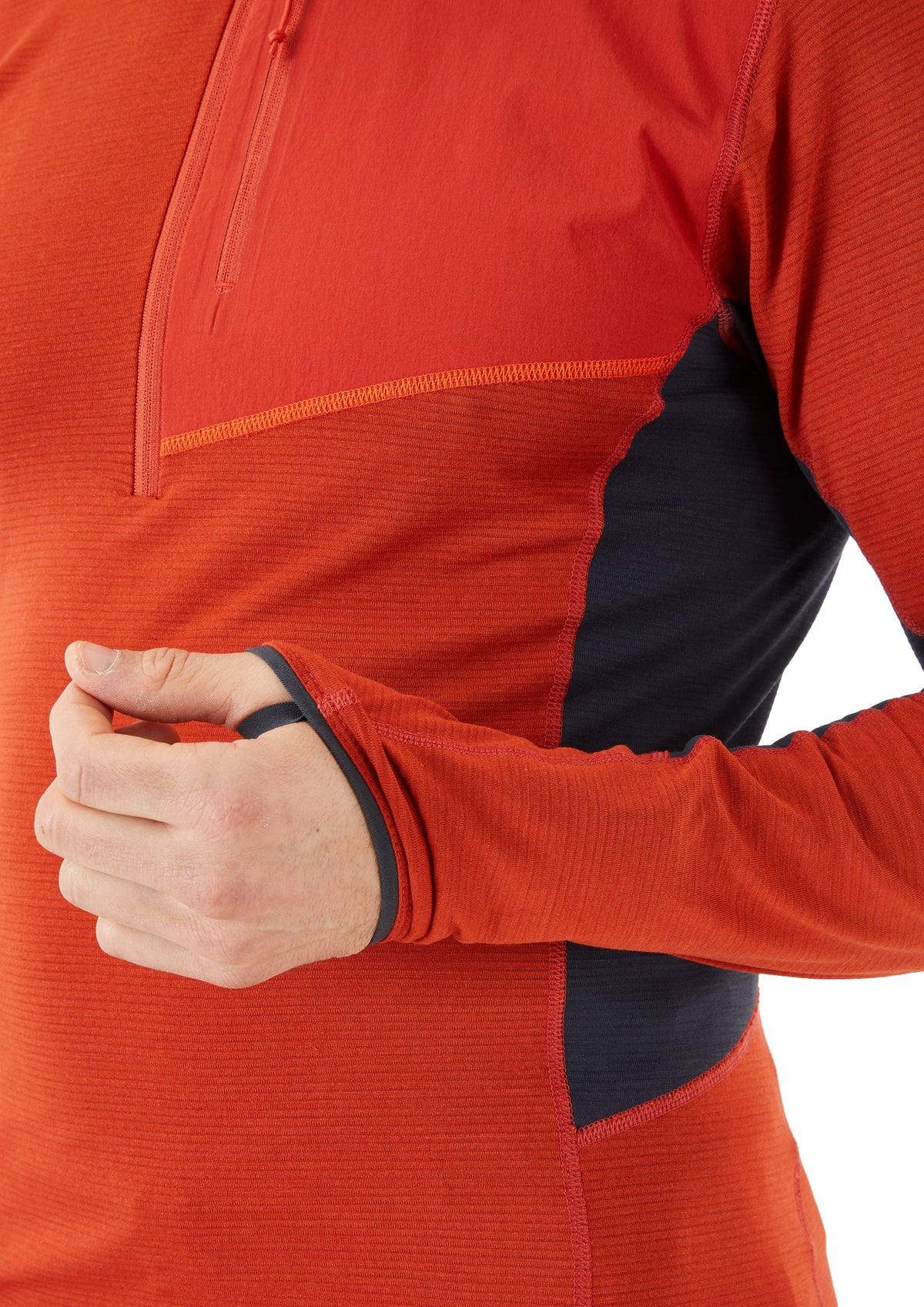 The superfine, Merino wool provides warmth, transports moisture vapour, and minimises odour, while the synthetic fibres maintain durability and improve dry time. The fabric is constructed to have alternating strips of lofted and smooth fleece, giving an exceptional warmth to weight ratio and rapid moisture movement away from the skin.Designed to work in sync with the conditions, the Syncrino Light Pull-On has a close-fitting collar for protection and warmth when needed, and the half zip gives quick ventilation when your pace picks up. It has a useful zipped chest pocket and hidden stretch thumb loops that enable a seamless fit with gloves on cold weather days.
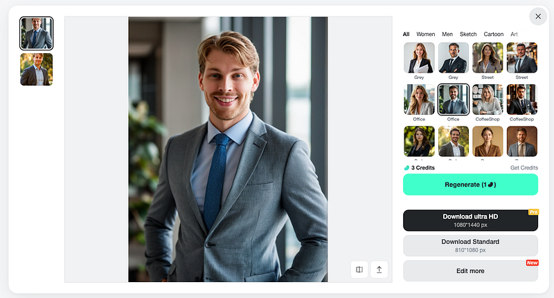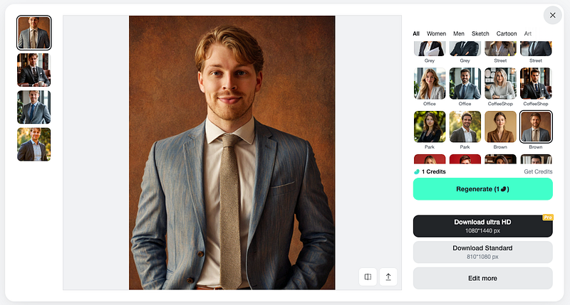 That said, one thing that did surprise me was how many editing options the tool offers. There’s a lot you can tweak, which isn’t common with free AI headshot generators.
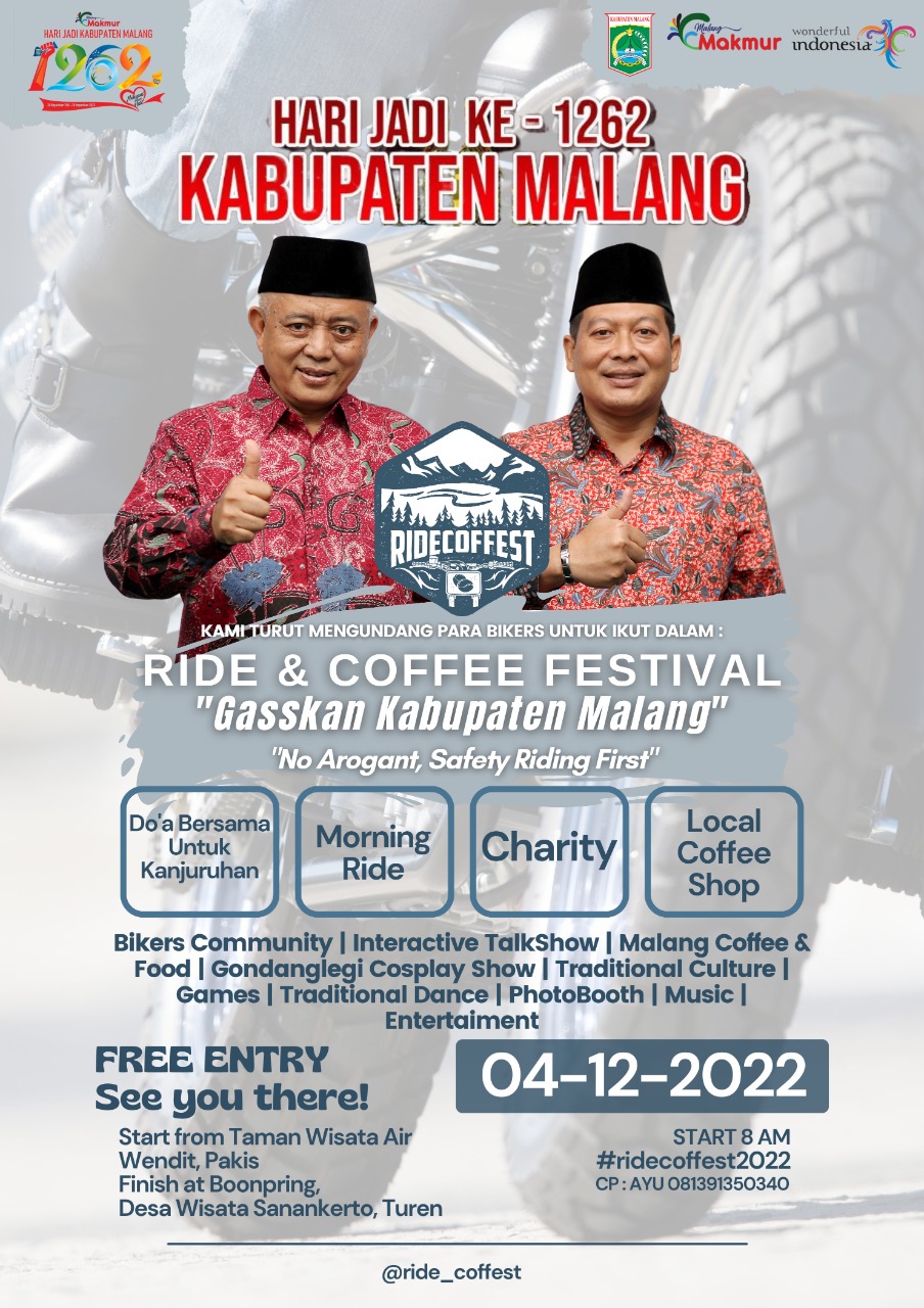 Ride Coffest (Ride and Coffee festival) adalah Event yang menjadi wadah yang tepat bagi para pelaku industri Pariwisata dan Ekonomi Kreatif seperti pengrajin kopi dalam mempromosikan produknya juga sebagai sarana promosi wisata Kabupaten Malang melalui Komunitas khususnya komunitas otomotif. Tidak hanya itu, Ride Coffest diharapkan dapat mengajak industri kreatif di Kabupaten Malang untuk ikut serta meramaikan Event ini sekaligus membantu mempromosikan wisata di Kabupaten Malang.
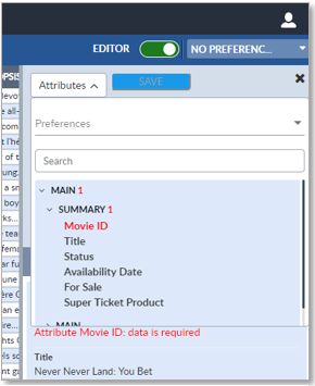 Preferences may be selected while the Inline Editor is active. Selecting the Attribute dropdown list allows the user to select a Preference or perform a Basic Text Search.
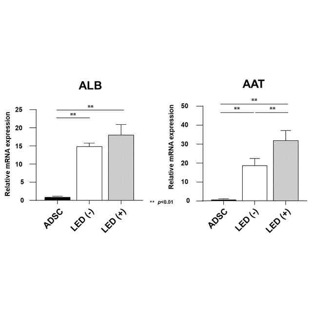 緑色LEDを照射されずに肝芽細胞から分化した肝細胞様細胞と比較して、
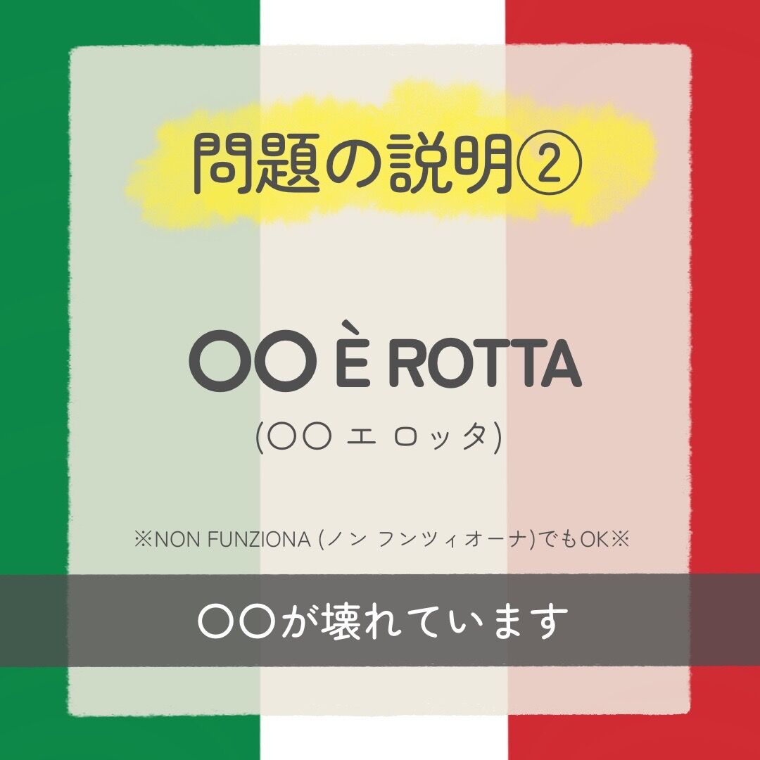 私はまだ経験がないのですが「何百年も前からの古い建物のホテルだとお風呂でお湯が出なかったり、客室の備品が壊れていたり…ということもある」と、海外旅行の達人(←驚愕のフッ軽レベルMAX笑)である友人に聞いたので、今回はそれに備えたフレーズも入れてみました😅笑
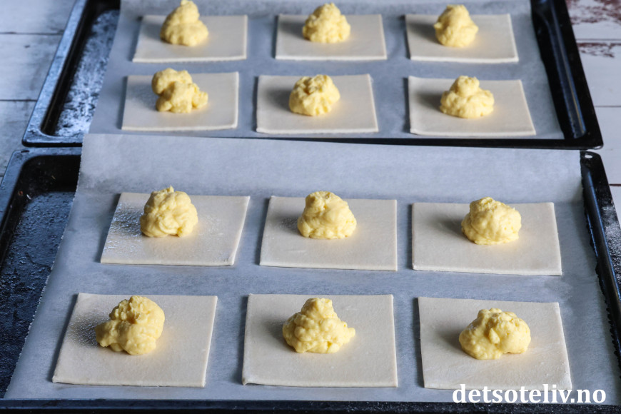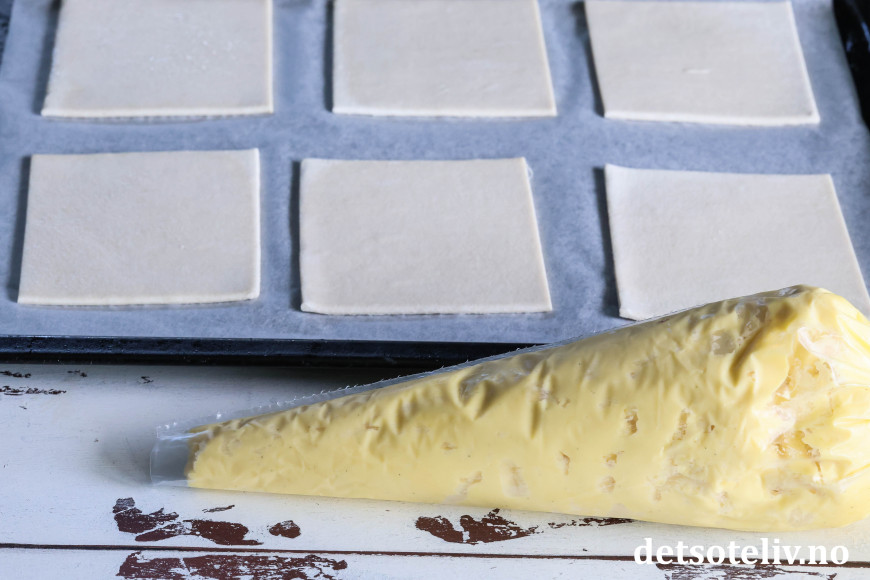 Legg eller sprøyt 1 stor spiseskje vaniljekrem i midten på hver firkant.

============

## Exercise
Could you set down every entry again exactly as written, leaving out any pictures?

## Written reply
 The superfine, Merino wool provides warmth, transports moisture vapour, and minimises odour, while the synthetic fibres maintain durability and improve dry time. The fabric is constructed to have alternating strips of lofted and smooth fleece, giving an exceptional warmth to weight ratio and rapid moisture movement away from the skin.Designed to work in sync with the conditions, the Syncrino Light Pull-On has a close-fitting collar for protection and warmth when needed, and the half zip gives quick ventilation when your pace picks up. It has a useful zipped chest pocket and hidden stretch thumb loops that enable a seamless fit with gloves on cold weather days.
 That said, one thing that did surprise me was how many editing options the tool offers. There’s a lot you can tweak, which isn’t common with free AI headshot generators.
 Ride Coffest (Ride and Coffee festival) adalah Event yang menjadi wadah yang tepat bagi para pelaku industri Pariwisata dan Ekonomi Kreatif seperti pengrajin kopi dalam mempromosikan produknya juga sebagai sarana promosi wisata Kabupaten Malang melalui Komunitas khususnya komunitas otomotif. Tidak hanya itu, Ride Coffest diharapkan dapat mengajak industri kreatif di Kabupaten Malang untuk ikut serta meramaikan Event ini sekaligus membantu mempromosikan wisata di Kabupaten Malang.
 Preferences may be selected while the Inline Editor is active. Selecting the Attribute dropdown list allows the user to select a Preference or perform a Basic Text Search.
 緑色LEDを照射されずに肝芽細胞から分化した肝細胞様細胞と比較して、
 私はまだ経験がないのですが「何百年も前からの古い建物のホテルだとお風呂でお湯が出なかったり、客室の備品が壊れていたり…ということもある」と、海外旅行の達人(←驚愕のフッ軽レベルMAX笑)である友人に聞いたので、今回はそれに備えたフレーズも入れてみました😅笑
 Legg eller sprøyt 1 stor spiseskje vaniljekrem i midten på hver firkant.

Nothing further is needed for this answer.